September 5, 2025

MCP Server : Engineering Team’s Playbook

Photo of the author of the blog post
Buchi Reddy B

CEO & Founder at LEVO

Photo of the author of the blog post
Levo AI Security Research Panel

Research Team

MCP Server : Engineering Team’s Playbook

TL;DR

You’ll stand up a minimal MCP server, wire two real tools (one read, one write), add inline guardrails, light tracing, and CI tests.
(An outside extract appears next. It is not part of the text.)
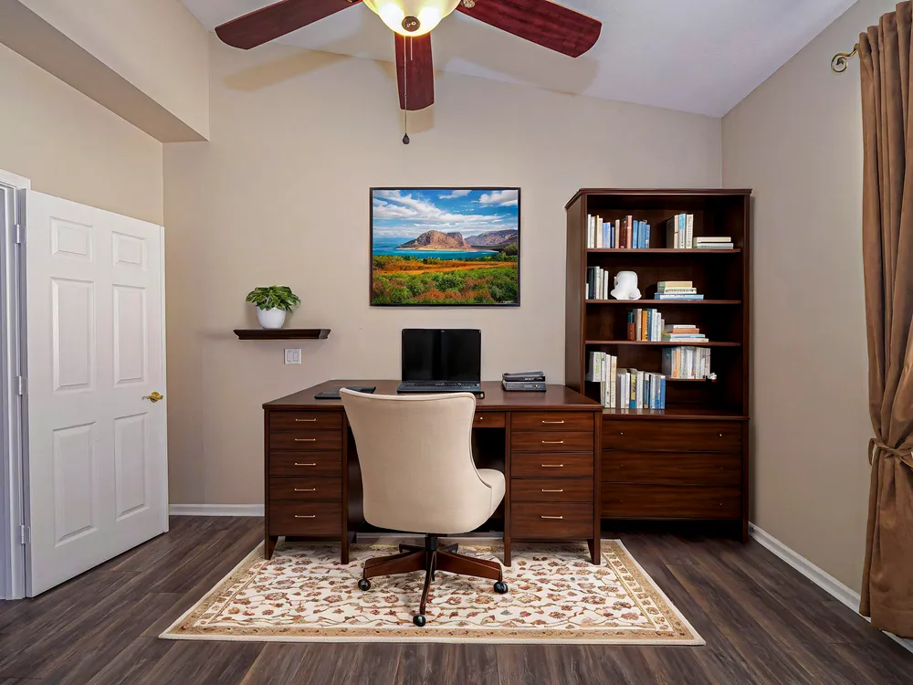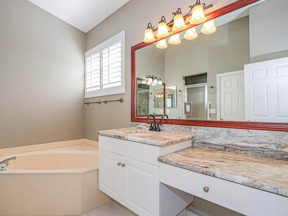 - Cathedral Ceiling(s), Pantry, Split Bedrooms, Walk-In Closet(s), Home Office, Living/Dining Room, Eat-in Kitchen, Blinds, Single Hung Metal Window(s), Sliding Window(s), Dual Sinks, Separate Shower, Bathtub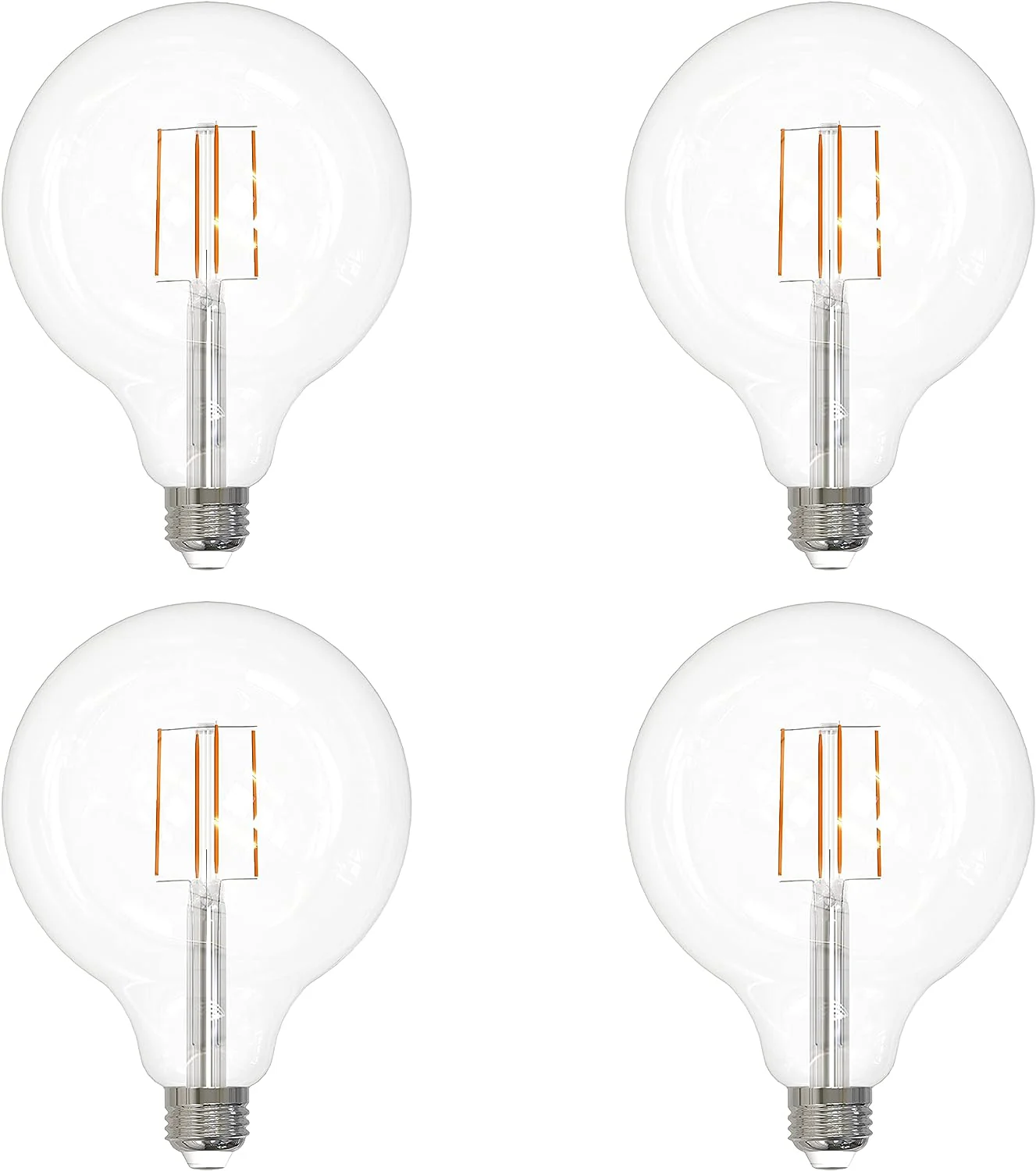 LED G40 Edison Globe Light Bulb, 8.5 Watts (100W Equivalent), Standard E26 Base, 800 Lumens, Dimmable, Decorative Clear Glass, Antique Long Filament, 90 CRI, 2700K Warm White, 4 Count

By the end, your full-stack team can turn a chat prompt into governed actions across your APIs with predictable cost and clean debuggability.

Who this is for

Full-stack teams that own features end-to-end and want a single, safe way to let agents (and IDE copilots) call your internal tools and services.

What you’ll ship (today)

  • A minimal MCP server (Node or Python) running locally over stdio
  • Two tools: orders.export (read with masking) and flag.set (write with limits)
  • Inline policy: allow, deny, redact + region routing
  • Traces: spans stitched for agent → MCP → API with useful attributes
  • CI checks: golden flow + one adversarial “don’t allow bulk write without ticket”
  • Host config (Claude Desktop or VS Code + Continue) to use your server

Prerequisites

  • Node 18+ or Python 3.10+
  • A test API to hit (even a mock)
  • VS Code (optional), Git, a place to run CI

Architecture at a glance

Play 0 - Scaffold the server (10–15 min)

Option A: TypeScript (Node)

BASH
npm init -y
npm i @modelcontextprotocol/sdk
TS
// src/server.ts
import { McpServer } from "@modelcontextprotocol/sdk/server/mcp.js";
import { StdioServerTransport } from "@modelcontextprotocol/sdk/server/stdio.js";

const mcp = new McpServer({ name: "team-tools", version: "1.0.0" });

// orders.export (read)
mcp.registerTool("orders.export", {
  title: "Export orders",
  description: "Export orders for a date range with optional masking",
  inputSchema: {
    type: "object",
    properties: {
      from: { type: "string", format: "date" },
      to: { type: "string", format: "date" },
      mask: { type: "array", items: { type: "string" } }
    },
    required: ["from","to"]
  }
}, async ({ from, to, mask = [] }) => {
  const rows = [
    { orderId: "1001", email: "a@ex.com", total: 30.5 },
    { orderId: "1002", email: "b@ex.com", total: 18.0 }
  ];
  const masked = rows.map(r => ({
    ...r,
    email: mask.includes("email") ? "***@***" : r.email
  }));
  return { content: [{ type: "json", json: { count: masked.length, rows: masked } }] };
});

// flag.set (write)
mcp.registerTool("flag.set", {
  title: "Set feature flag",
  description: "Set rollout percentage for a feature flag in an environment",
  inputSchema: {
    type: "object",
    properties: {
      name: { type: "string" },
      env: { type: "string", enum: ["dev","staging","prod"] },
      rolloutPct: { type: "number", minimum: 0, maximum: 100 },
      ticket: { type: "string" }
    },
    required: ["name","env","rolloutPct"]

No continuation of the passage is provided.